• [What is being asked] After finding "Via ytterdörren möts" in a line below, print that line and the rest of the lines exactly, leaving out all pictures.

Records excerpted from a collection
━━━━━━━━
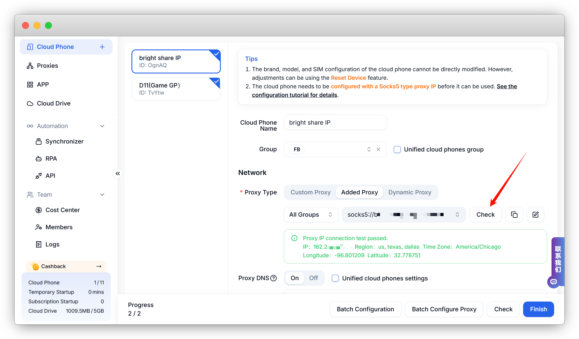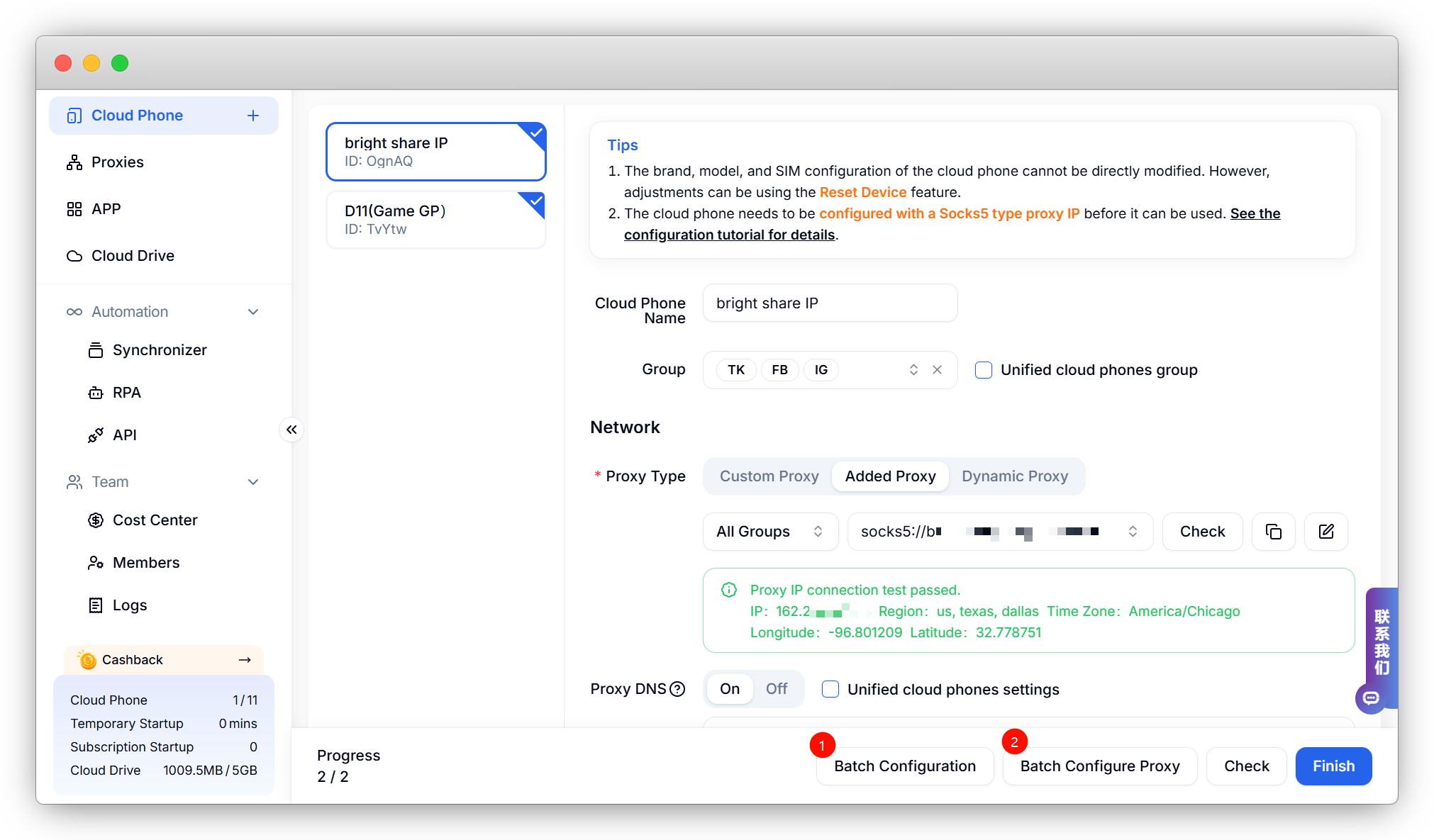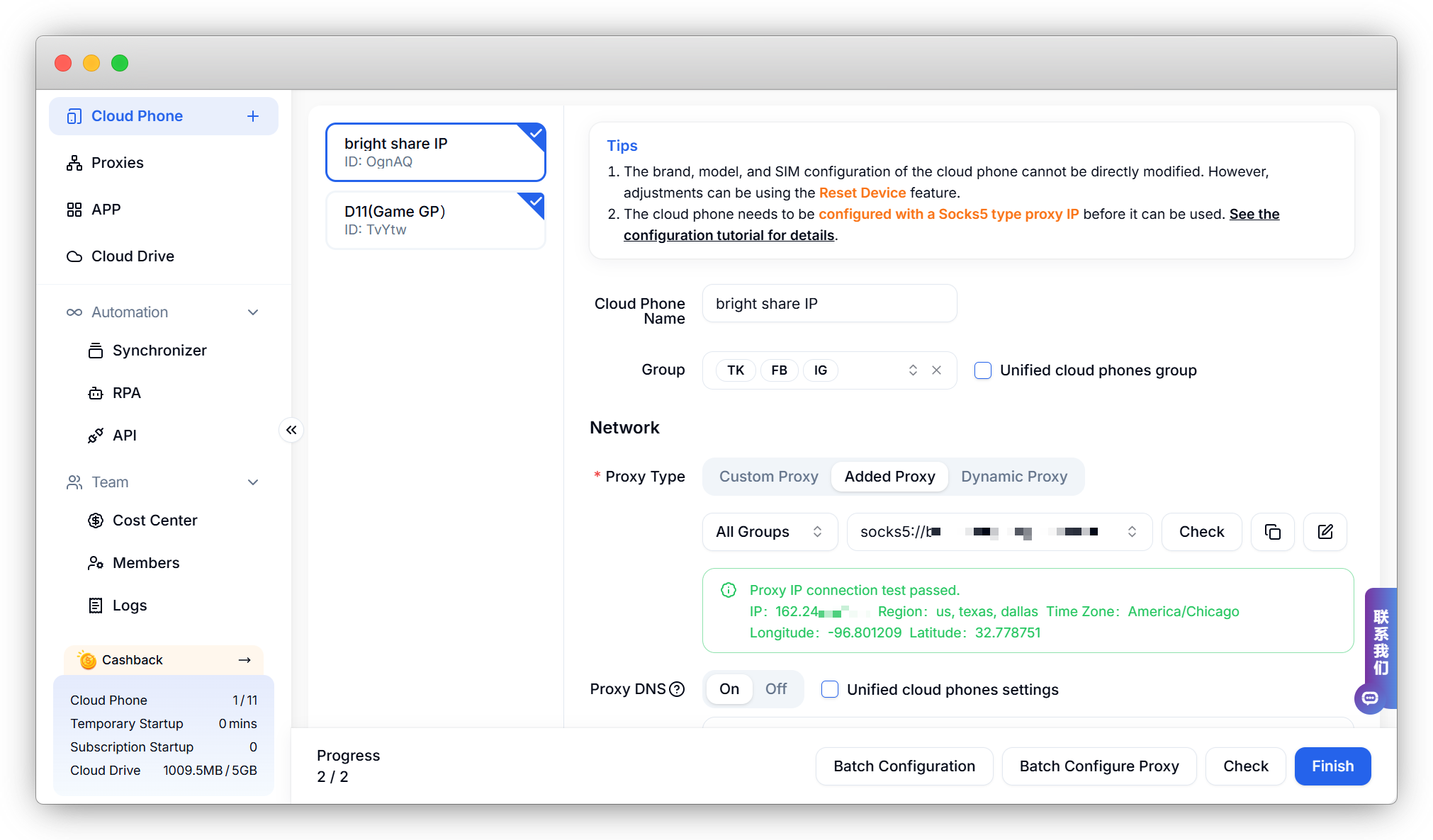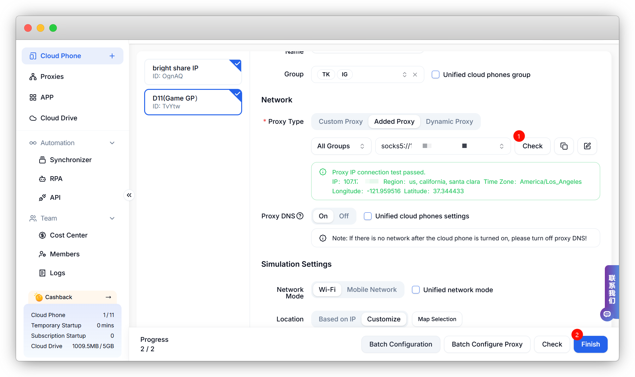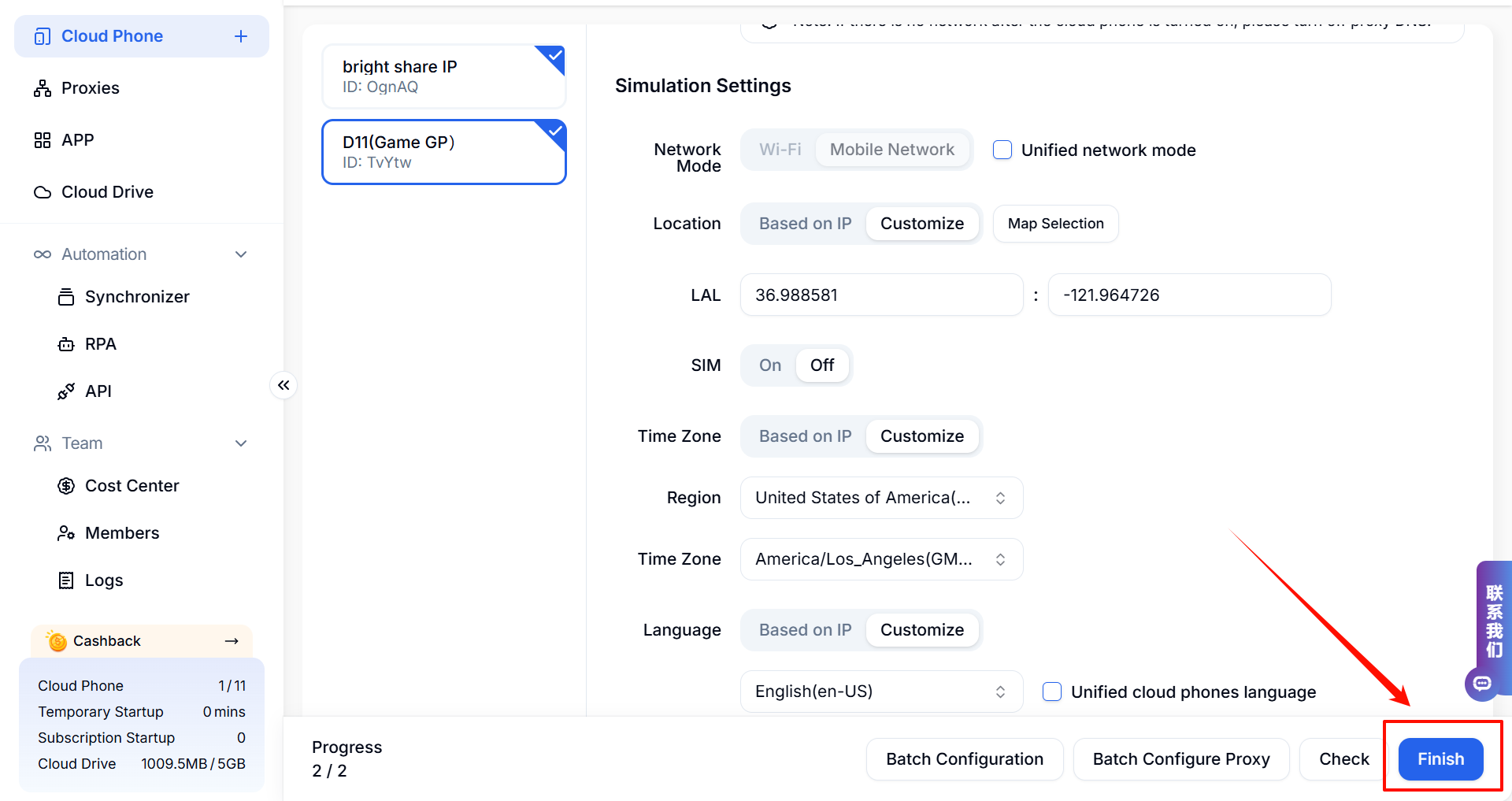 (2) Check the proxy for each cloud phone, and after confirming that everything is correct, click "Complete Configuration."
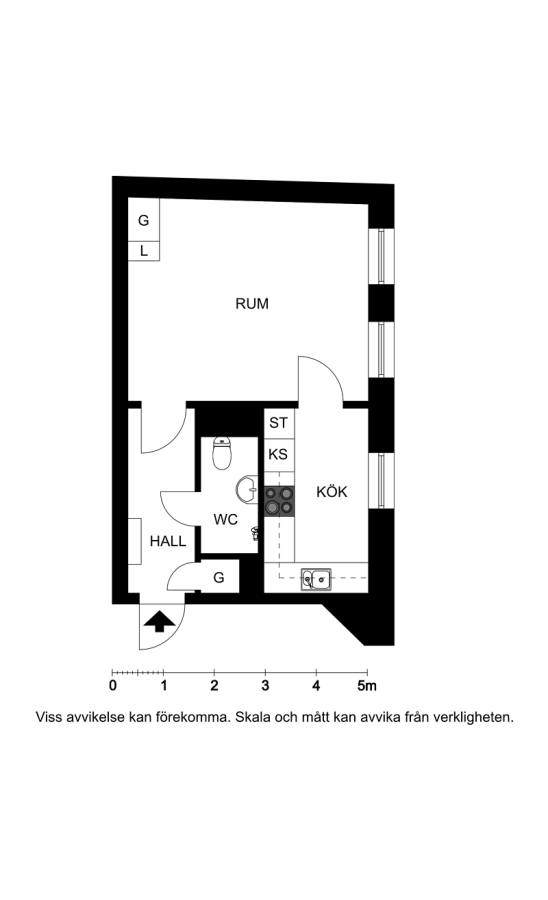 Via ytterdörren möts du av en inbjudande hall med plats för avhängning. Från hallen når du det helkaklade badrummet med vitkaklade väggar och grå klinker på golvet – en stilren kombination som ger ett fräscht intryck. Här finns wc, dusch, handdukstork och kommod.
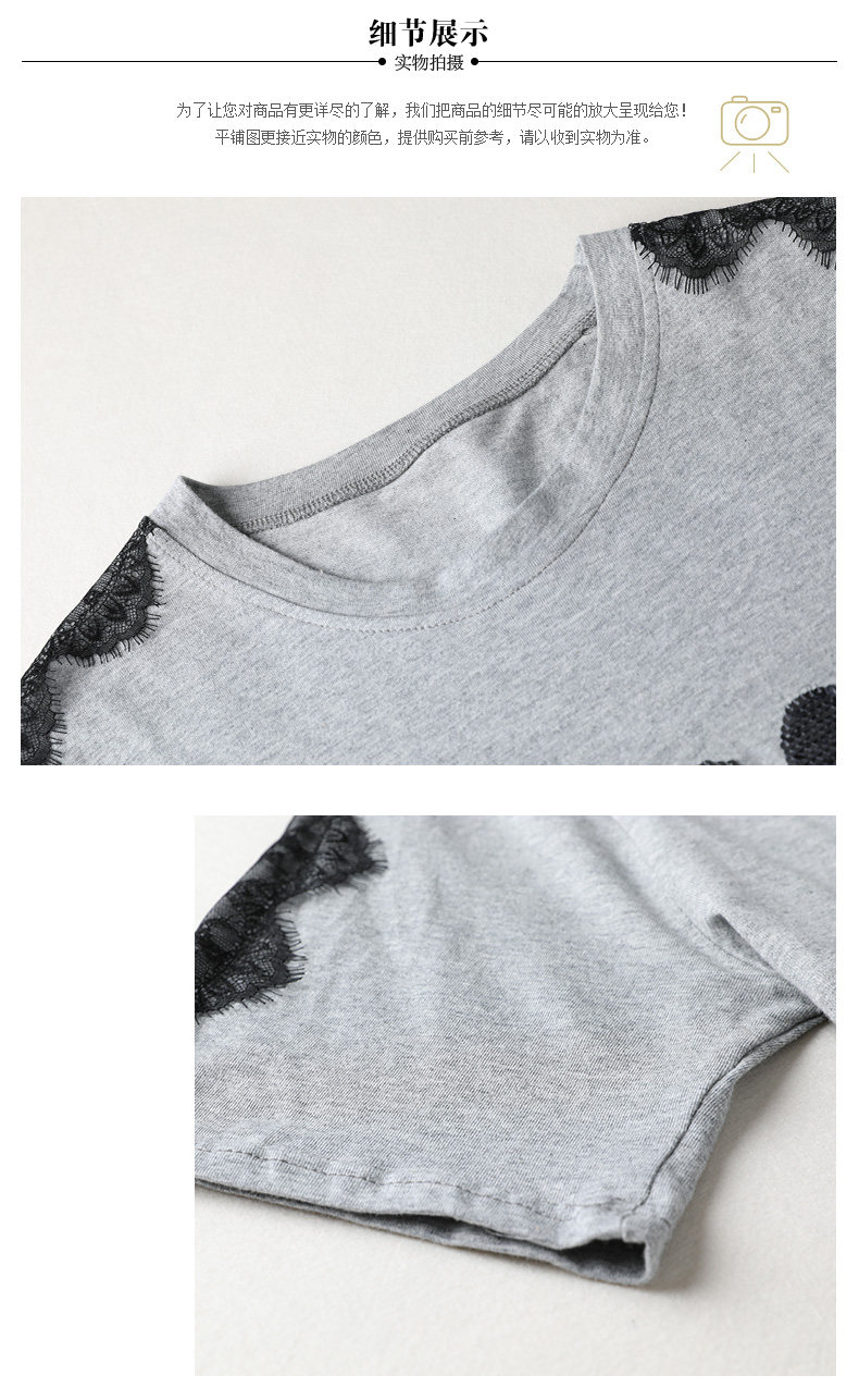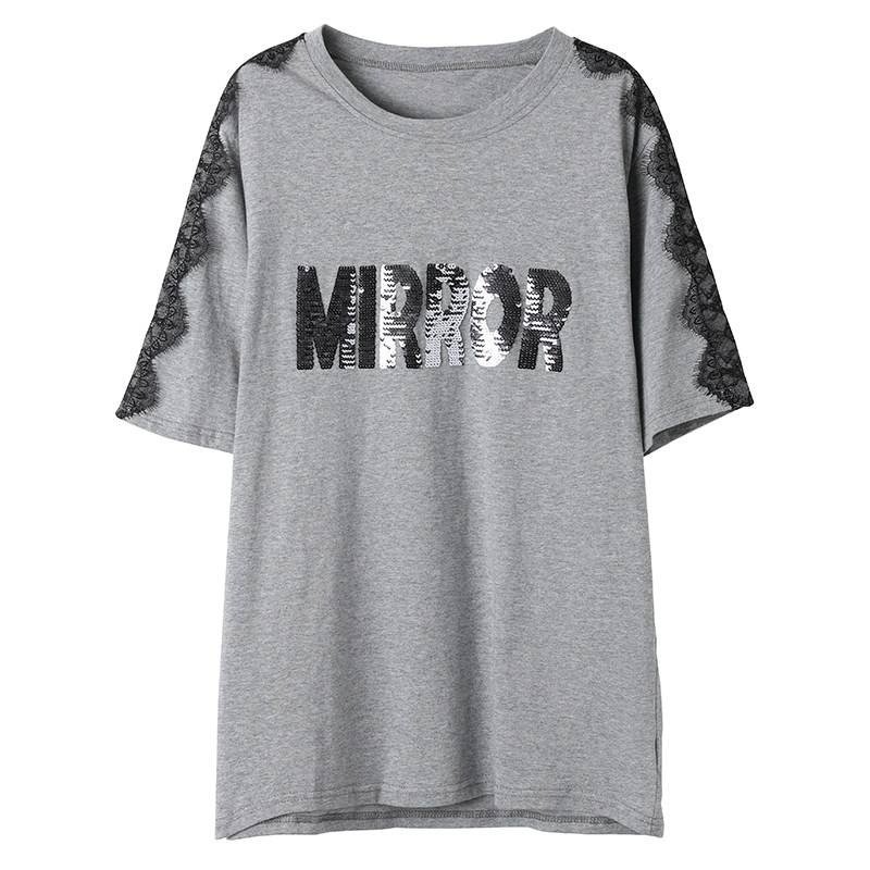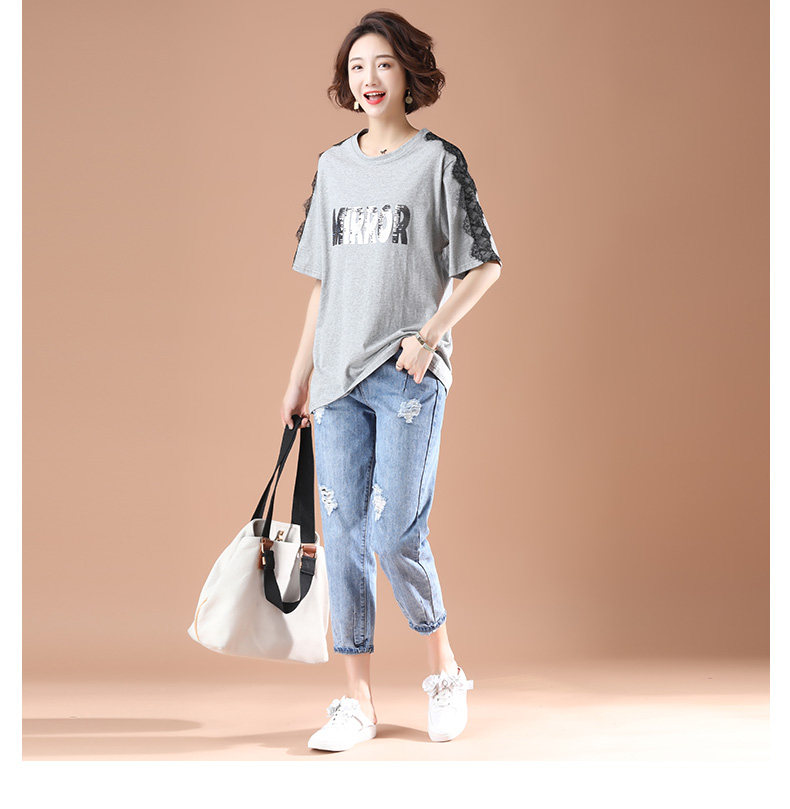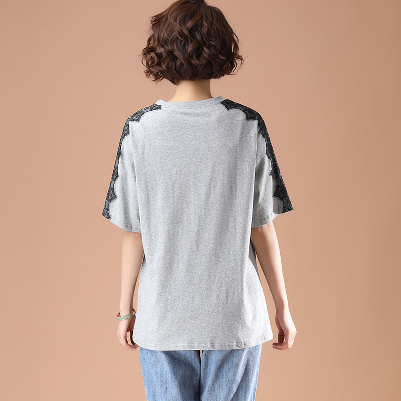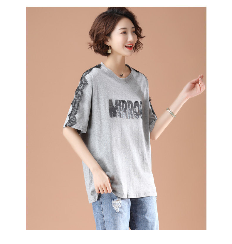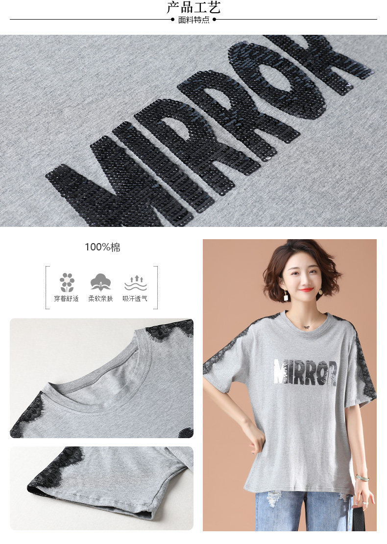 PF5850#夏季宽松显瘦拼接蕾丝短袖大码T恤字母绣花上衣女女裝貨源服裝批發
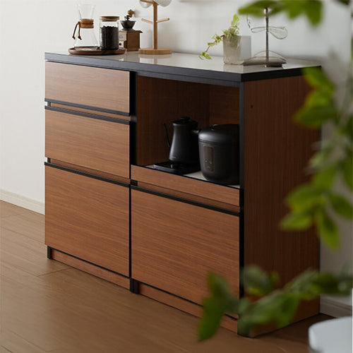 キッチンカウンター 120 完成品 FRON120 引き出し収納 オープンスライド収納 レンジ台 間仕切り 背面化粧 開梱設置無料 奥行45 高さ93 フルオープンレール ポリエステル化粧板(代引不可)
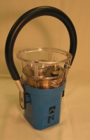 Accession: 2007.015.003 Object: artifact : lamp Title: CP Rail Trainman's Battery Lamp Description: Starlite 292, Star Headlight & Lantern. Blue plastic body with clear plastic protective ring. 3 bulbs (1 with reflecting dish). rubber coated aluminum handle. 3 way switch. CP Rail logo printed on body. (no battery) Size: 28 cm height Creator: Star Headlight & Lantern Co., Honeoye Falls, NY, USA Location: 3-Dimensional Indexed In: Railroad » Equipment » Lamp
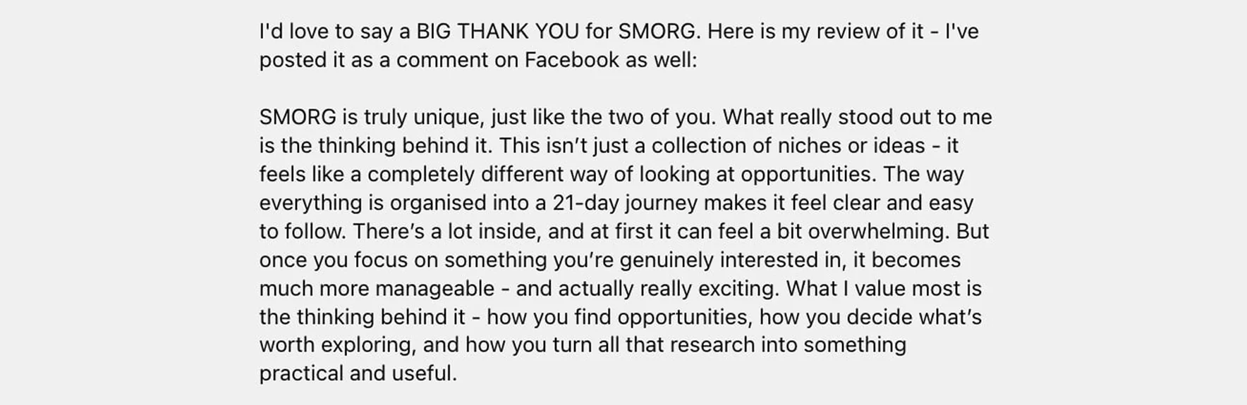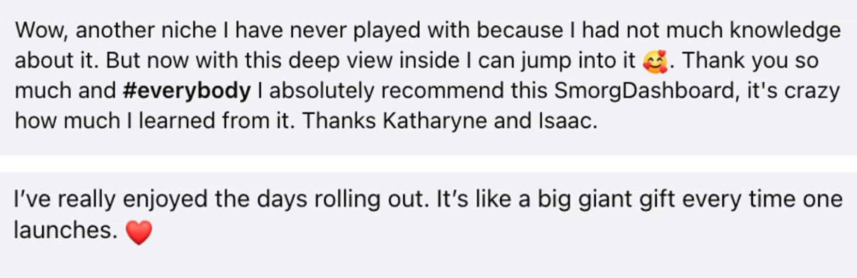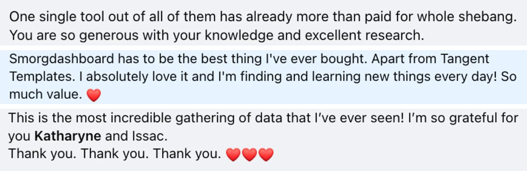 Each niche is packed with in-depth reports, beautiful and easy to use dashboards loaded with datasets, and innovative tools. There are 19 niches... Plus the Smorger’s Way course!
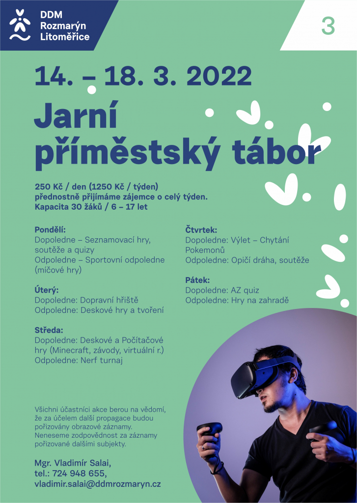 Účastníkům přitom v týdnu od 14. do 18. března nabízí bohatý program na celý den. Děti do Rozmarýnu přicházejí od 6.30 do 8.00 hodin a odcházejí mezi 15. a 16. hodinou. Rozmarýn zajistí také teplý oběd.
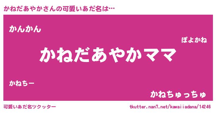 | 意味不明あだ名 | 『永久保存かねだあやか』 |
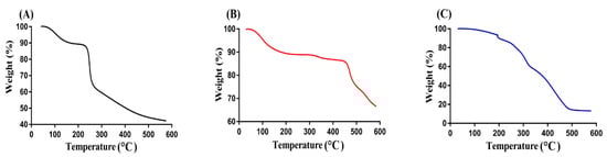 TGA thermogram of (A) Cs, (B) Sps, and (C) Cs/SpsCpAca hydrogel.
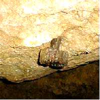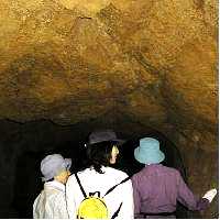 懐中電灯を頼りに 洞穴内を探検 奥行き30mはあろうか |
━━━━━━━━
• [Your solution]
 Via ytterdörren möts du av en inbjudande hall med plats för avhängning. Från hallen når du det helkaklade badrummet med vitkaklade väggar och grå klinker på golvet – en stilren kombination som ger ett fräscht intryck. Här finns wc, dusch, handdukstork och kommod.
 PF5850#夏季宽松显瘦拼接蕾丝短袖大码T恤字母绣花上衣女女裝貨源服裝批發
 キッチンカウンター 120 完成品 FRON120 引き出し収納 オープンスライド収納 レンジ台 間仕切り 背面化粧 開梱設置無料 奥行45 高さ93 フルオープンレール ポリエステル化粧板(代引不可)
 Accession: 2007.015.003 Object: artifact : lamp Title: CP Rail Trainman's Battery Lamp Description: Starlite 292, Star Headlight & Lantern. Blue plastic body with clear plastic protective ring. 3 bulbs (1 with reflecting dish). rubber coated aluminum handle. 3 way switch. CP Rail logo printed on body. (no battery) Size: 28 cm height Creator: Star Headlight & Lantern Co., Honeoye Falls, NY, USA Location: 3-Dimensional Indexed In: Railroad » Equipment » Lamp
 Each niche is packed with in-depth reports, beautiful and easy to use dashboards loaded with datasets, and innovative tools. There are 19 niches... Plus the Smorger’s Way course!
 Účastníkům přitom v týdnu od 14. do 18. března nabízí bohatý program na celý den. Děti do Rozmarýnu přicházejí od 6.30 do 8.00 hodin a odcházejí mezi 15. a 16. hodinou. Rozmarýn zajistí také teplý oběd.
 | 意味不明あだ名 | 『永久保存かねだあやか』 |
 TGA thermogram of (A) Cs, (B) Sps, and (C) Cs/SpsCpAca hydrogel.
 懐中電灯を頼りに 洞穴内を探検 奥行き30mはあろうか |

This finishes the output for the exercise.